The Cunningham Piano Company  (founded 1891 by Patrick J. Cunningham) manufactures acoustic upright pianos and grand pianos. The founder, Patrick Cunningham, was an Irish migrant who started the company with his woodworking and craftsmanship. Within their first decade of manufacturing, Cunningham Piano Company had gained recognition and had become a popular piano making company in  Philadelphia's Germantown Neighborhood.

During the 1920s, the heyday of the pneumatic player piano, Cunningham Piano Company was the largest manufacturer of player pianos in Philadelphia, and shipped their wares to the entire East Coast of the United States.

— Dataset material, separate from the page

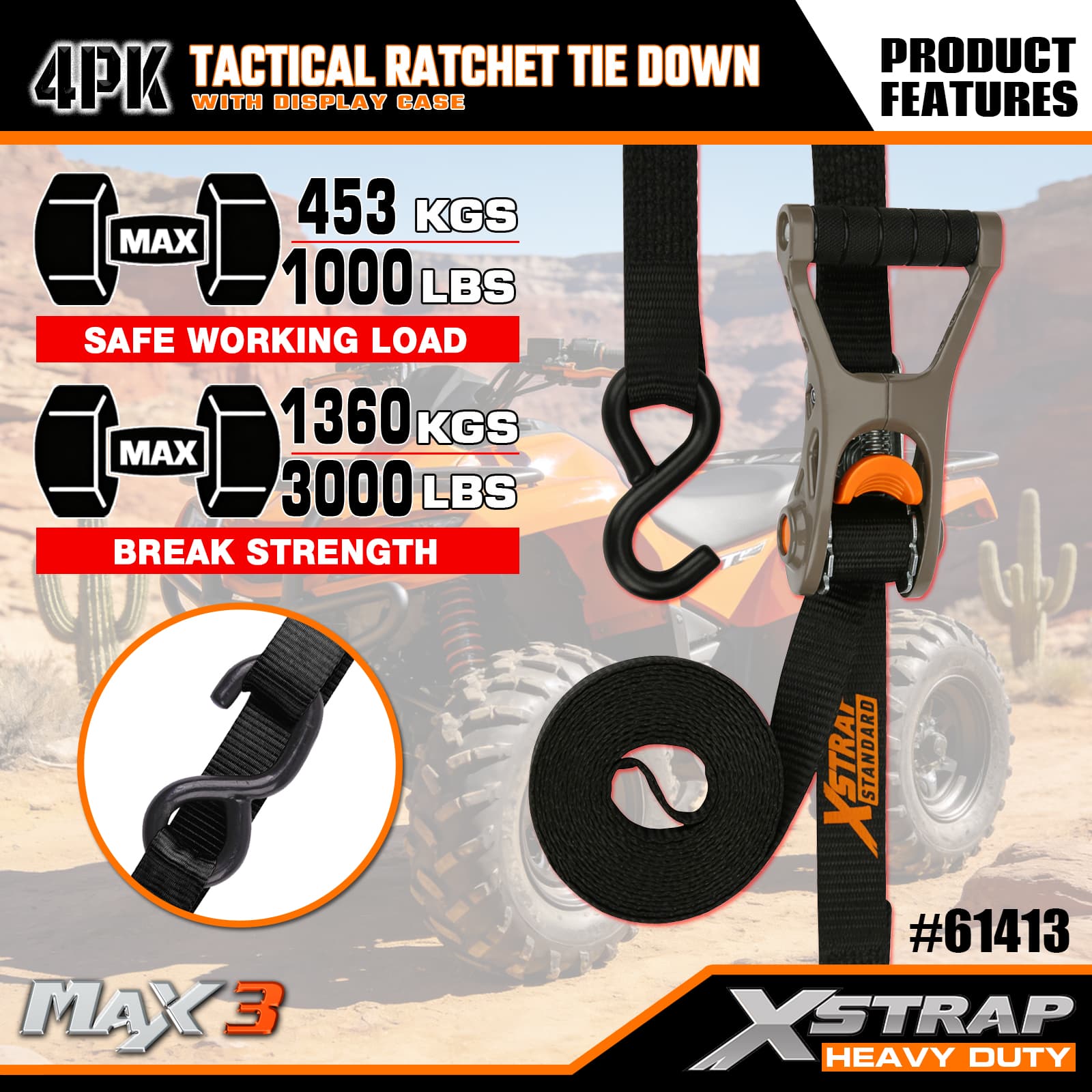 - User-Friendly Operation & Storage: The ratchet’s seamless locking paired with a display base makes both usage and organization straightforward—saving time when prepping or stowing the straps.

Noted musicians use the instruments, including Vincent Persichetti, a native Philadelphian and noted composer and professor at the Juilliard School, and George Gershwin who used a Cunningham Piano to write his opera "Porgy and Bess" in Folly Beach, South Carolina.

The Great Depression was a great blow to the businesses. Before the start of World War II, Cunningham Piano Company ceased production and their staff focused on helping the war effort, which reduced sales and profits.

After World War II 
After the Second World War, Louis Cohen, a young piano technician who had worked for Patrick J. Cunningham, took over and changed the face of Cunningham Piano Company. Cohen determined that building a small number of pianos by hand without the national recognition of companies like Mason & Hamlin, Steinway, or Baldwin was difficult in the economic climate of the post World War II era. He went about gathering talent from those manufacturers and other areas of piano technology to set up a restoration facility. He chose Germantown, Philadelphia as the new location.